Broadly, the public reaction to Mandel's censorship decree was one of disapproval. In an interview with the Edmonton Journal's Paula Simons, David Goa, religious scholar, cultural anthropologist, and director of the University of Alberta's Chester Ronning Centre for the Study of Religion and Public Life, states "In India, Lord Ganesha is on everything -- playing cards, advertising signs, lotto tickets, even diapers, I suspect." Within the traditional Thirty-two forms of Ganesha in Hinduism, Ganesha is sometimes presented nude, in both infant (Bala Ganapati) and erotic (Uchchhishta Ganapati) forms. Simons concludes, "In his haste to appease a few protesters, the mayor, usually a champion of the arts, made a serious error in judgment. Instead of giving McCourt's divinely inspired statues the bum's rush, we should be celebrating this Canadian cross-pollination of cultures and aesthetic forms". The Globe and Mail's columnist Margaret Wente agreed with Simons: "The mayor, of course, was quite wrong. Mr. McCourt's sculptures did not insult the Hindu community. They insulted a small but vocal conservative religious group that is about as representative of Hindus as Hassidic Jews are of Jews.... There's a big difference between respecting different cultures and caving in to illiberalism and superstition."

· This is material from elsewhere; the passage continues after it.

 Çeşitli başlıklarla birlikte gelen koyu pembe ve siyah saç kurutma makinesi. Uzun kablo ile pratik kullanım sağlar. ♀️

Despite such negative responses in the media to visual art censorship in Canada, in 2014 the Edmonton Arts Council subsequently refused a donation of one of McCourt's sculptures, "Destroyer of Obstacles," evidently because the sculpture had genitalia beneath its clothes. After meeting with seven Hindu community group representative to seek out their opinion of the donation, the Edmonton Arts Council received a response that McCourt's sculpture was "an offense to their religion" and that the ban enacted by Mayor Mandel should remain in place. As a result of this consultation, "the Public Art Committee unanimously voted to decline acceptance of the gift, as the artwork did not meet "community or civic suitability" criteria." In McCourt's view, “It is not the purpose of a city’s public art collection to placate special interests,” he says. “I want Edmonton to build the best civic art collection that we can get, never mind the politics, the religion, etc. of the artists making the work.”